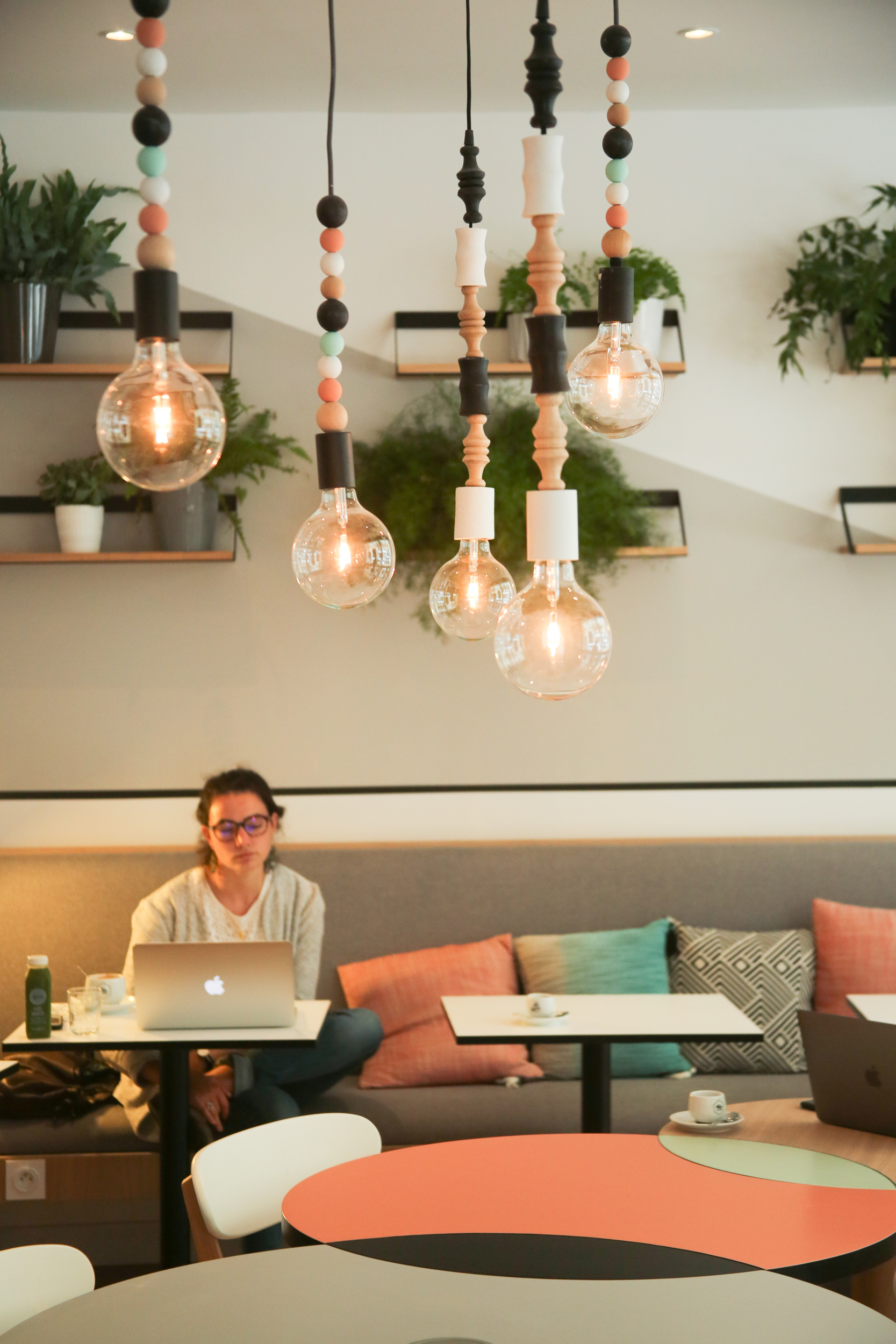 On retrouve l'idée de bien être dans la décoration de ce lieu. Matières naturelles, couleurs chaleureuses, lumière propice au travail... Tout est fait pour vous donner envie de travailler dans la bonne humeur.
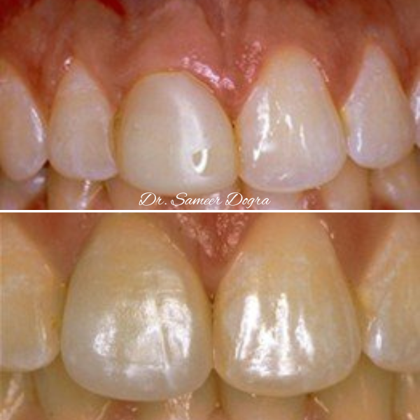 Front (left) Central Tooth has a poor restoration. Does not look natural and is not contoured properly to match the gumline of the rest of the teeth.
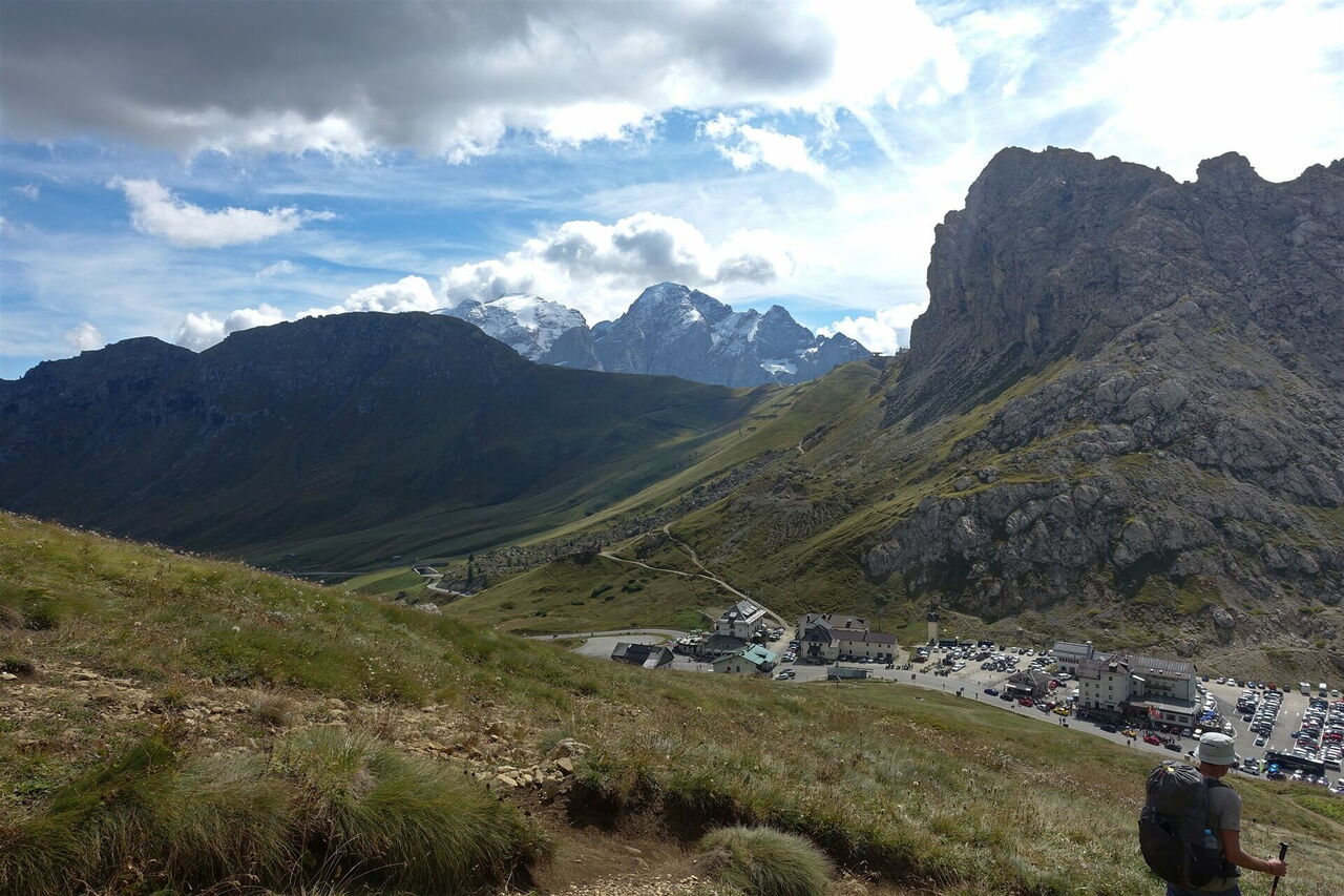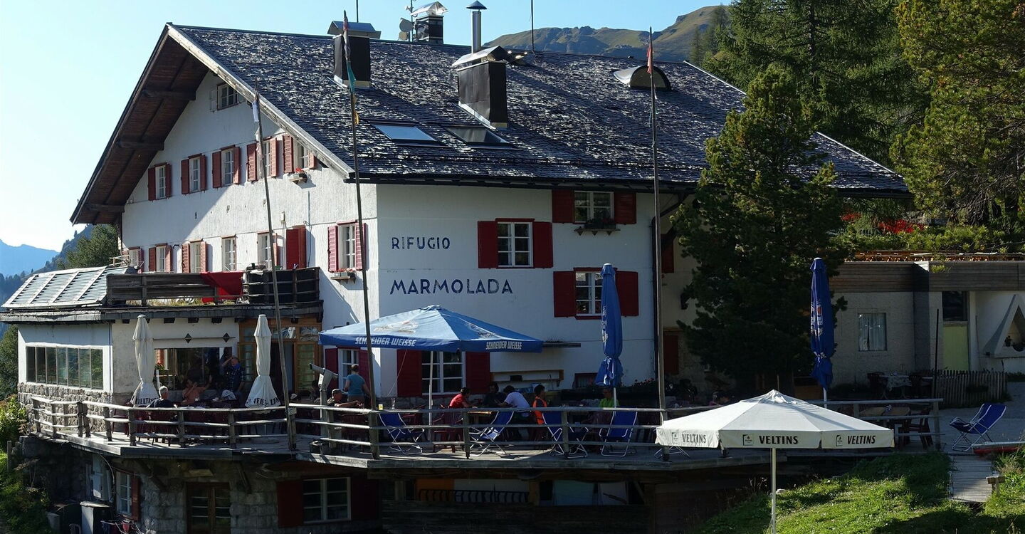 Es folgt ein aussichtsreicher Höhenweg mit faszinierender Fernsicht auf das Bergmassiv der Marmolata. Auf halber Strecke der heutigen Etappe erreichen wir die nächste Hütte, das 03 Rifugio Viél dal Pan (2.432 m).

Task: Since the pictures are not part of the copy, transcribe only the remaining material, exactly.

Solution below:
 On retrouve l'idée de bien être dans la décoration de ce lieu. Matières naturelles, couleurs chaleureuses, lumière propice au travail... Tout est fait pour vous donner envie de travailler dans la bonne humeur.
 Front (left) Central Tooth has a poor restoration. Does not look natural and is not contoured properly to match the gumline of the rest of the teeth.
 Es folgt ein aussichtsreicher Höhenweg mit faszinierender Fernsicht auf das Bergmassiv der Marmolata. Auf halber Strecke der heutigen Etappe erreichen wir die nächste Hütte, das 03 Rifugio Viél dal Pan (2.432 m).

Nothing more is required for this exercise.